• WHAT YOU NEED TO DO:
If a line below falls between the line with "Leash walks with" and the line with "インスタの料理アカウントが収", or is one of those two, output it exactly; output nothing else and no pictures.

[[ AVAILABLE RECORDS, beginning ]]

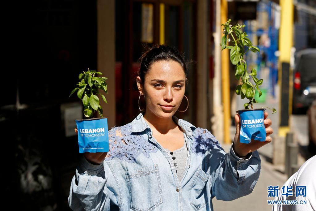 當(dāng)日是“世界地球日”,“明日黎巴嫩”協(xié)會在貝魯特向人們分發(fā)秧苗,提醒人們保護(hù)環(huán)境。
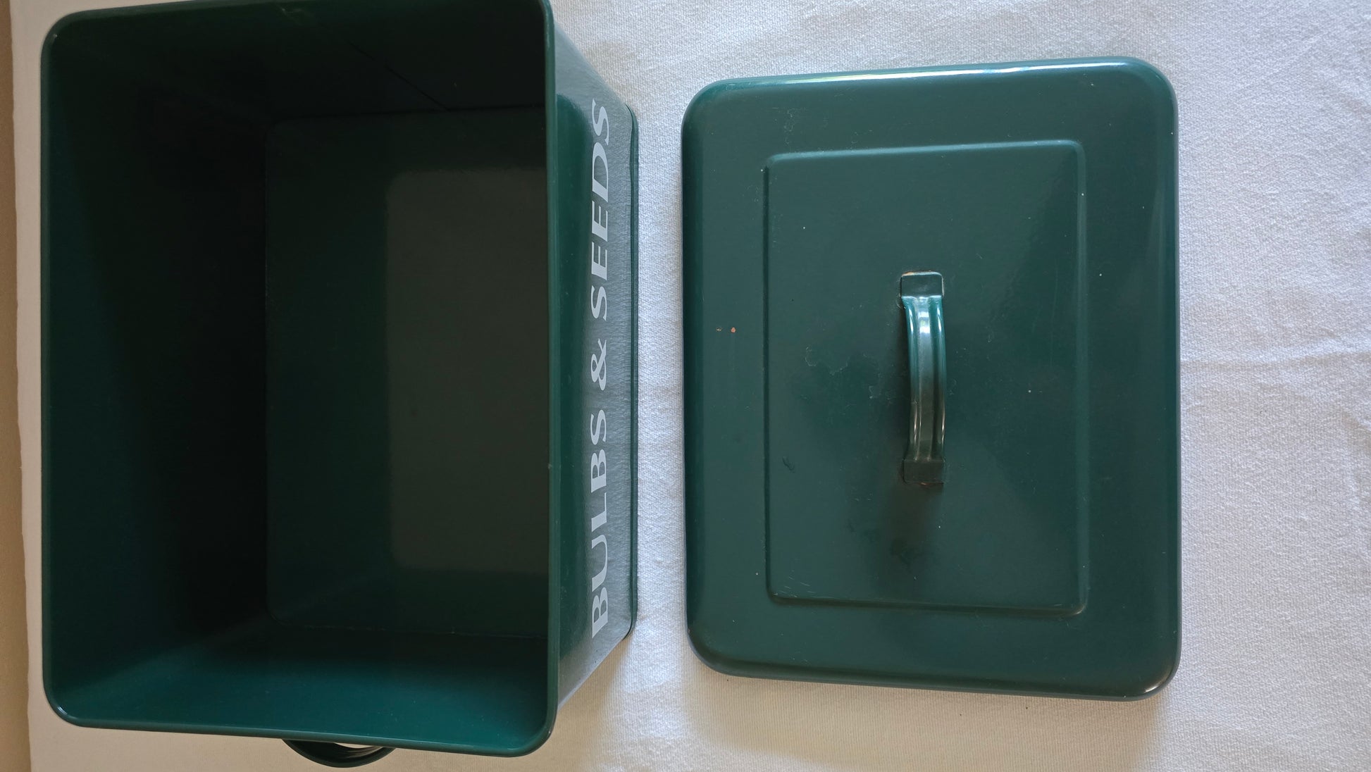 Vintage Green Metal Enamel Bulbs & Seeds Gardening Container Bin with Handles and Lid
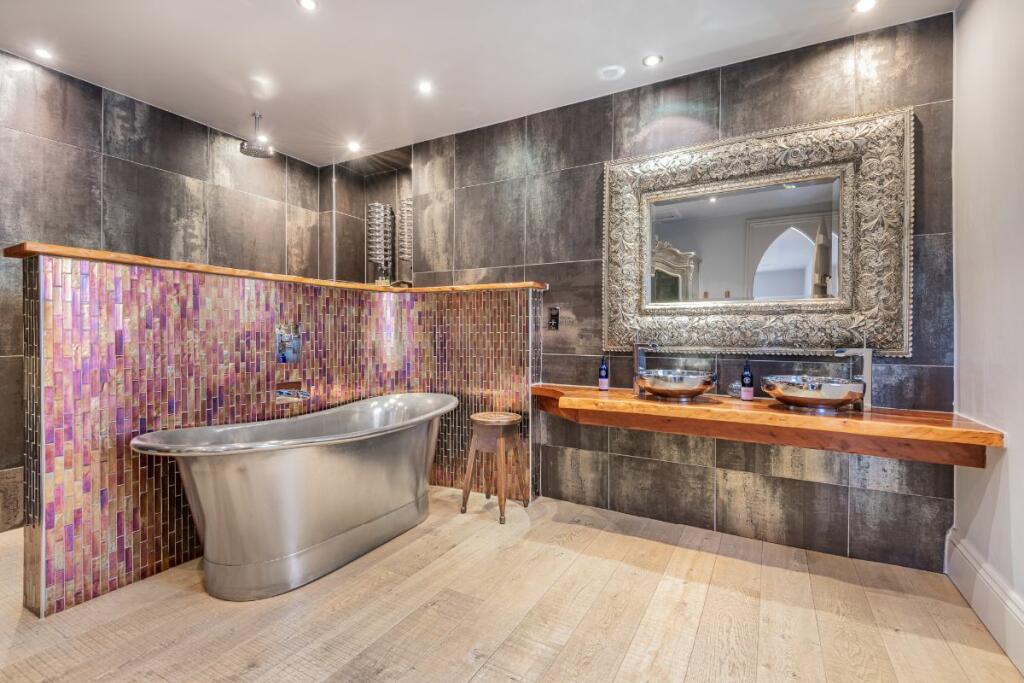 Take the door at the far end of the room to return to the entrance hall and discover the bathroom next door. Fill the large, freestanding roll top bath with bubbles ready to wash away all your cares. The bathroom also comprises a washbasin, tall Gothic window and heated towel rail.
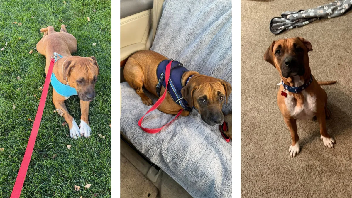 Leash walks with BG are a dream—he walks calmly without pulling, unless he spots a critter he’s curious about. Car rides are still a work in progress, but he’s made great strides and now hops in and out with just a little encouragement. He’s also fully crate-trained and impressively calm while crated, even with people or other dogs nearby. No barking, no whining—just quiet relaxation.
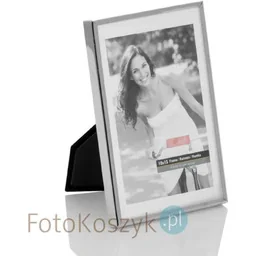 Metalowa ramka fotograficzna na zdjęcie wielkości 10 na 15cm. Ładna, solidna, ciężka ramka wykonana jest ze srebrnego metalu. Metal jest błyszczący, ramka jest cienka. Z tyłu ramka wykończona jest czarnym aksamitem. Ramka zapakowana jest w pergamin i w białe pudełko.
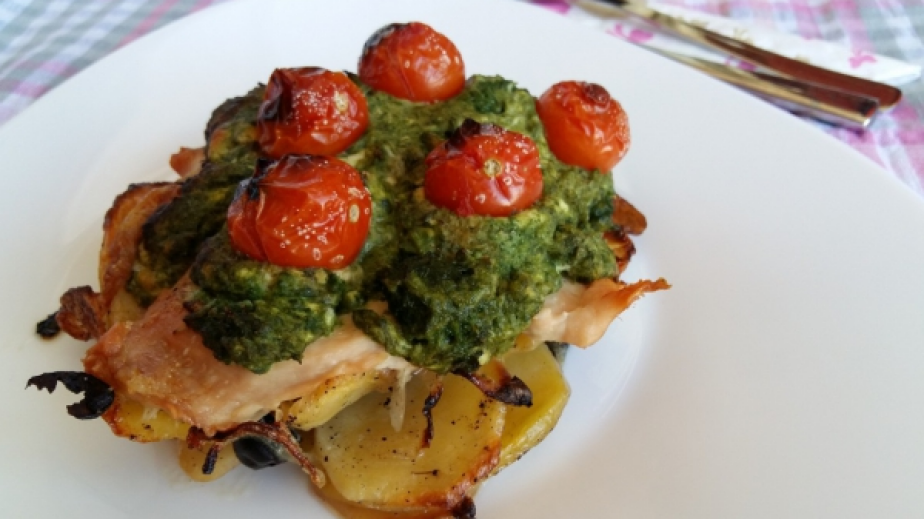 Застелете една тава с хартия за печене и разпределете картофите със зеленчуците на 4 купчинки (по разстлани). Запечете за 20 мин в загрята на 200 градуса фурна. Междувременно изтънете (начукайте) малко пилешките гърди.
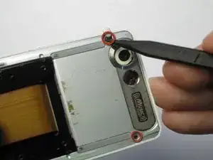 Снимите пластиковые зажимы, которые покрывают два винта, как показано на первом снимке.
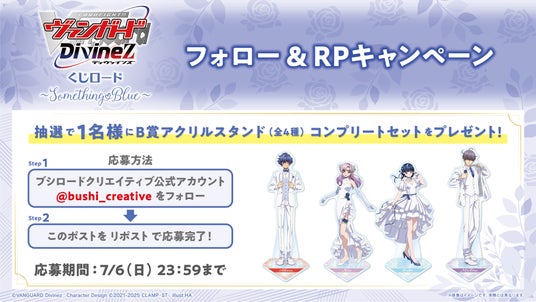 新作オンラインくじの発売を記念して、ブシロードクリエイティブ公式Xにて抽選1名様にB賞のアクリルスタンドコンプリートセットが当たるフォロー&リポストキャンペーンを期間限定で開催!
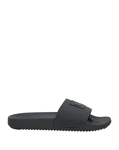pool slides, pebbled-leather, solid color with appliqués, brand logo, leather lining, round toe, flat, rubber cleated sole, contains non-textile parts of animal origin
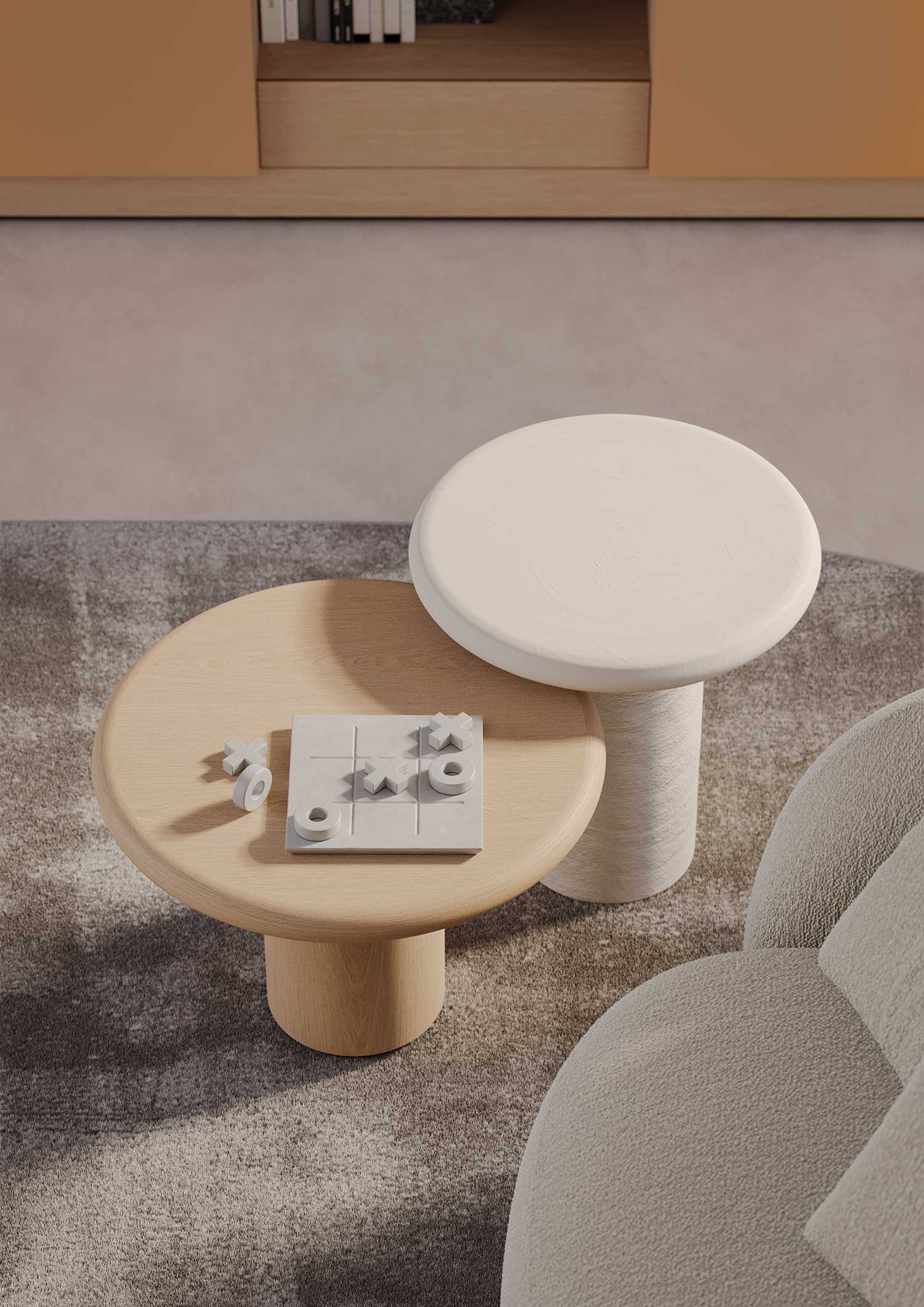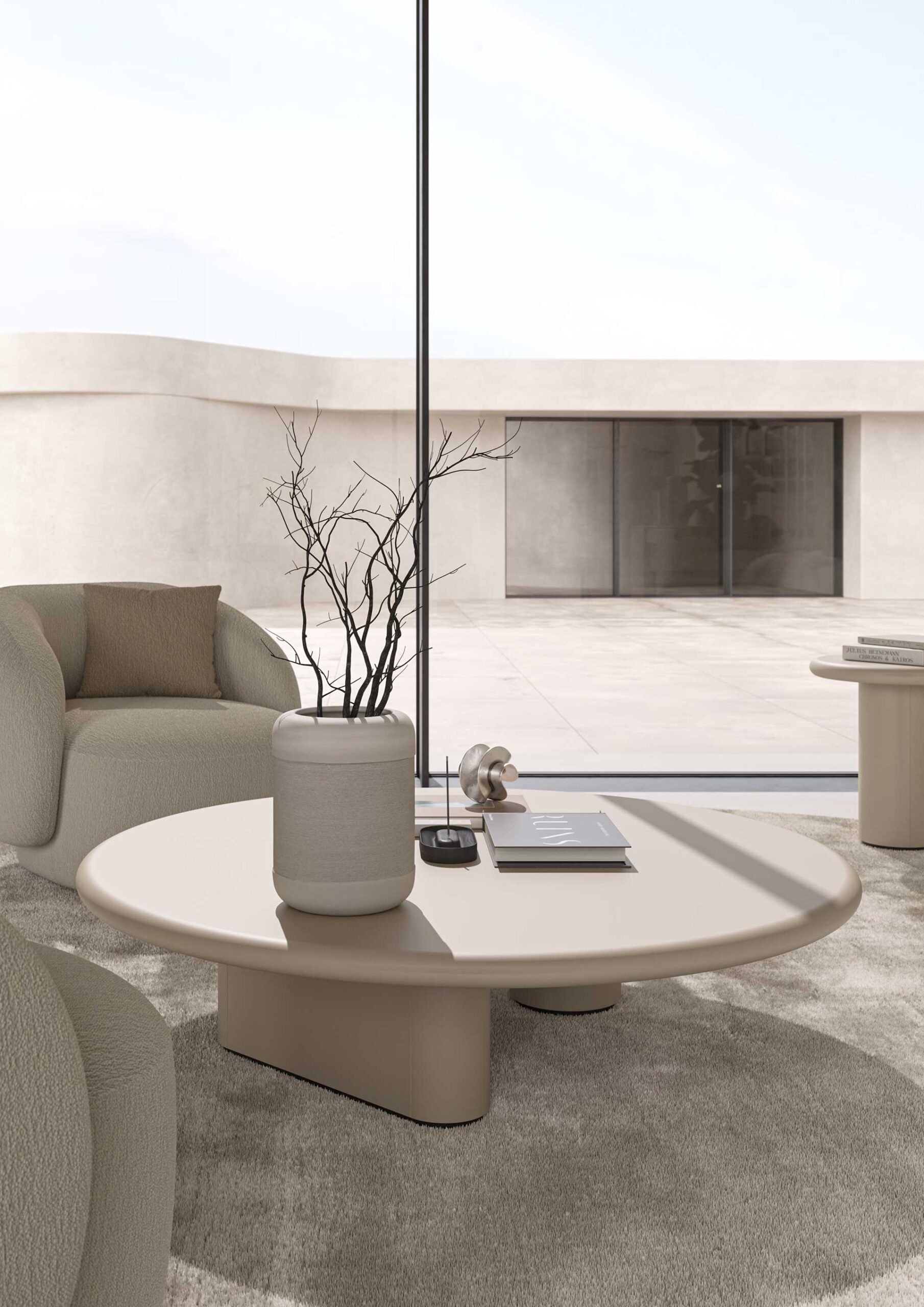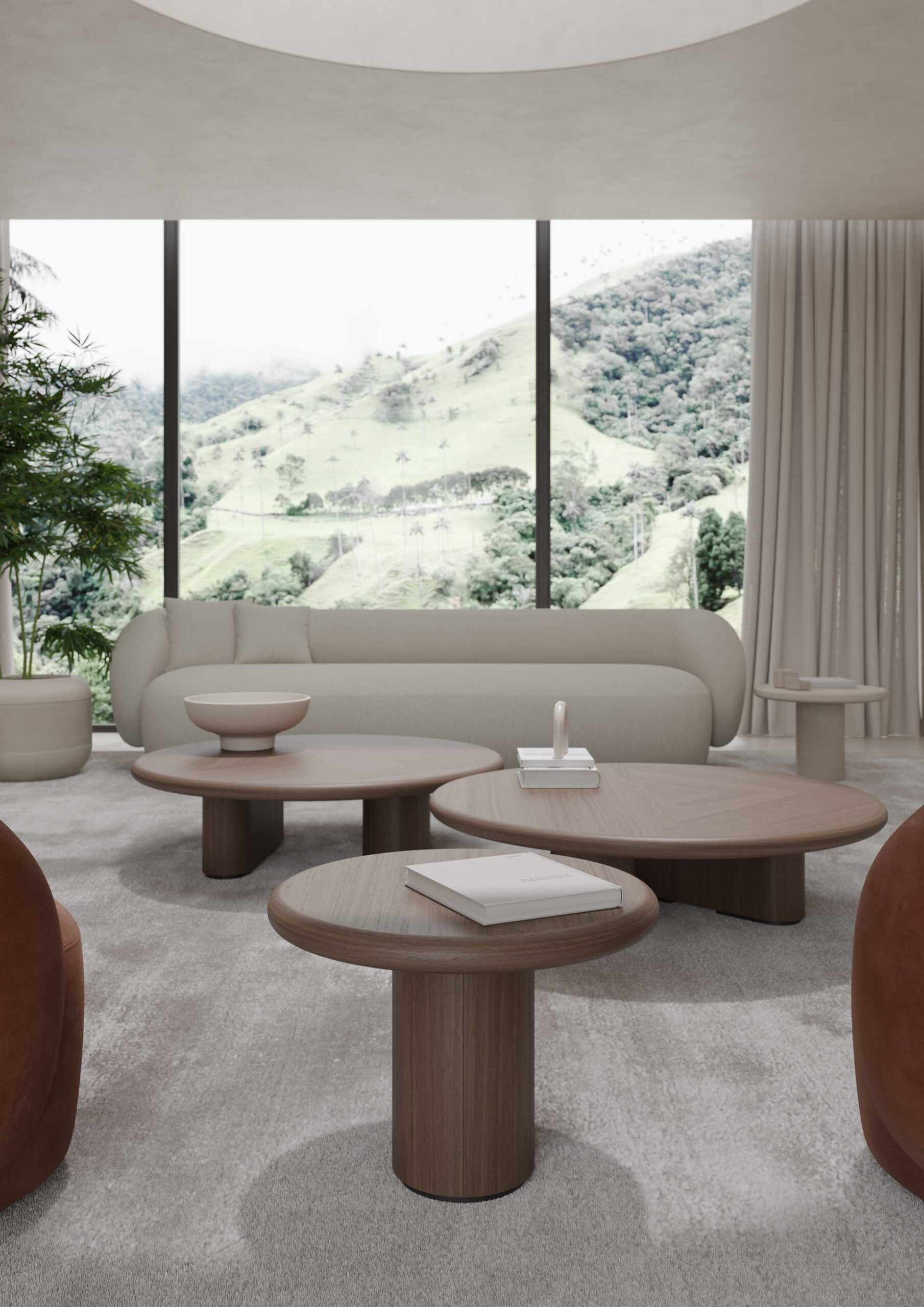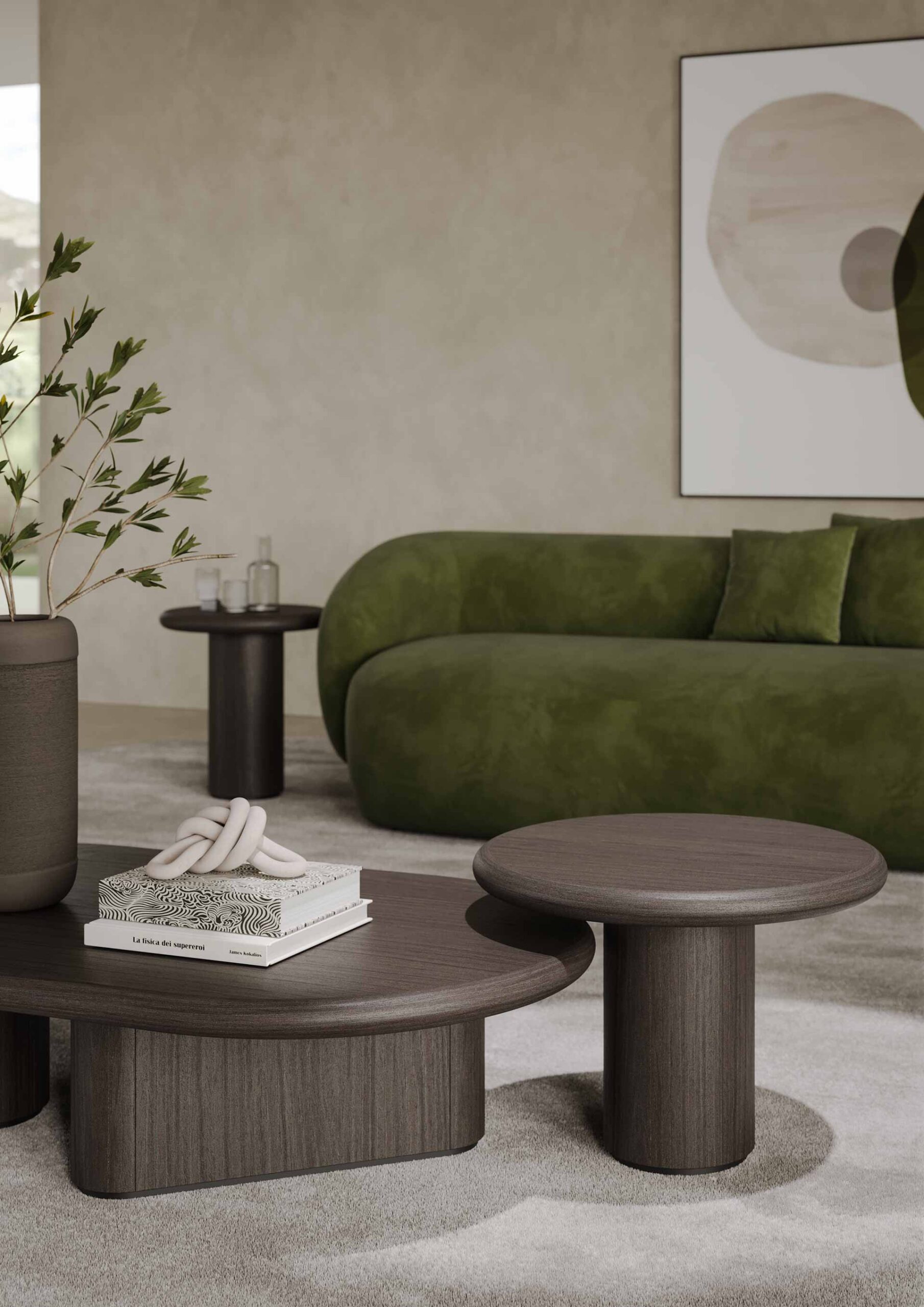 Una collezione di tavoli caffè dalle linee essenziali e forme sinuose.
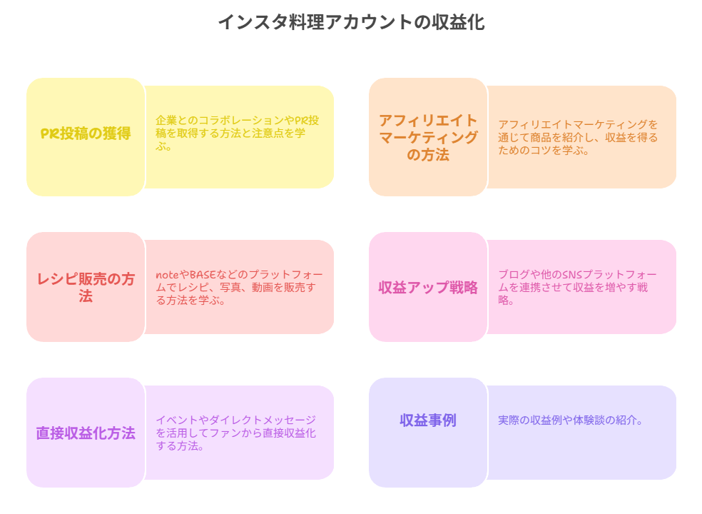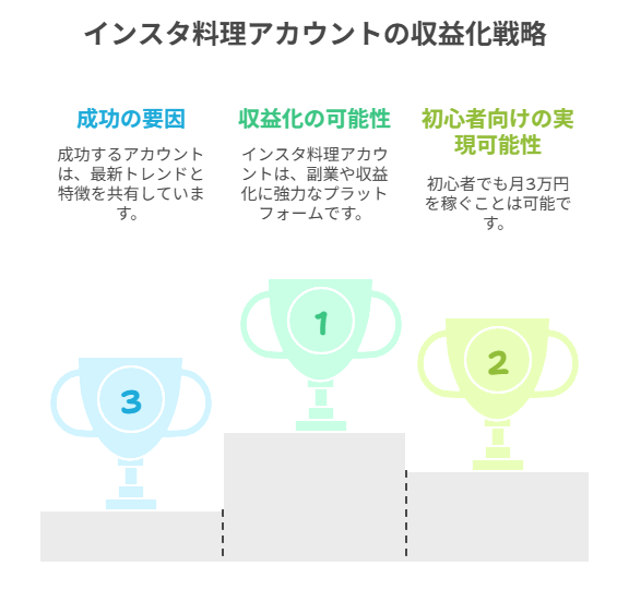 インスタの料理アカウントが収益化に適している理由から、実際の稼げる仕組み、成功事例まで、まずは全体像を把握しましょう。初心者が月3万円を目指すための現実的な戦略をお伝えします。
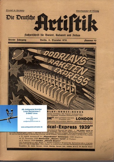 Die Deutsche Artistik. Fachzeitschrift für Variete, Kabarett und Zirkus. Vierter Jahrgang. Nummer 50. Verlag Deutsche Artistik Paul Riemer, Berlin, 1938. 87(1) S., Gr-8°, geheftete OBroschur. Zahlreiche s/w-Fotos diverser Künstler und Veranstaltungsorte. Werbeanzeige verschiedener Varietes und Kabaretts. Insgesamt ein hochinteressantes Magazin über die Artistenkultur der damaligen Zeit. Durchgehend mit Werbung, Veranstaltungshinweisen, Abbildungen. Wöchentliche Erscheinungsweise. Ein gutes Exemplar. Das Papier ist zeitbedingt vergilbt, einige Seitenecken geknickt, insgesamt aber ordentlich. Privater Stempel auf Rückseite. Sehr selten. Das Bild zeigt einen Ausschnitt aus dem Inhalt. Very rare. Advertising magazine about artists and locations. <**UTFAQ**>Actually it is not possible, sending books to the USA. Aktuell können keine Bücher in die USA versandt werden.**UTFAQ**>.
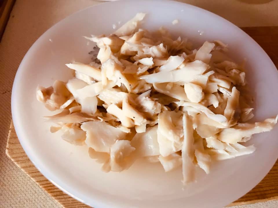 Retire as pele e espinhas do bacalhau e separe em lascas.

[[ AVAILABLE RECORDS, end ]]

• OUTPUT:
 Leash walks with BG are a dream—he walks calmly without pulling, unless he spots a critter he’s curious about. Car rides are still a work in progress, but he’s made great strides and now hops in and out with just a little encouragement. He’s also fully crate-trained and impressively calm while crated, even with people or other dogs nearby. No barking, no whining—just quiet relaxation.
 Metalowa ramka fotograficzna na zdjęcie wielkości 10 na 15cm. Ładna, solidna, ciężka ramka wykonana jest ze srebrnego metalu. Metal jest błyszczący, ramka jest cienka. Z tyłu ramka wykończona jest czarnym aksamitem. Ramka zapakowana jest w pergamin i w białe pudełko.
 Застелете една тава с хартия за печене и разпределете картофите със зеленчуците на 4 купчинки (по разстлани). Запечете за 20 мин в загрята на 200 градуса фурна. Междувременно изтънете (начукайте) малко пилешките гърди.
 Снимите пластиковые зажимы, которые покрывают два винта, как показано на первом снимке.
 新作オンラインくじの発売を記念して、ブシロードクリエイティブ公式Xにて抽選1名様にB賞のアクリルスタンドコンプリートセットが当たるフォロー&リポストキャンペーンを期間限定で開催!
pool slides, pebbled-leather, solid color with appliqués, brand logo, leather lining, round toe, flat, rubber cleated sole, contains non-textile parts of animal origin
 Una collezione di tavoli caffè dalle linee essenziali e forme sinuose.
 インスタの料理アカウントが収益化に適している理由から、実際の稼げる仕組み、成功事例まで、まずは全体像を把握しましょう。初心者が月3万円を目指すための現実的な戦略をお伝えします。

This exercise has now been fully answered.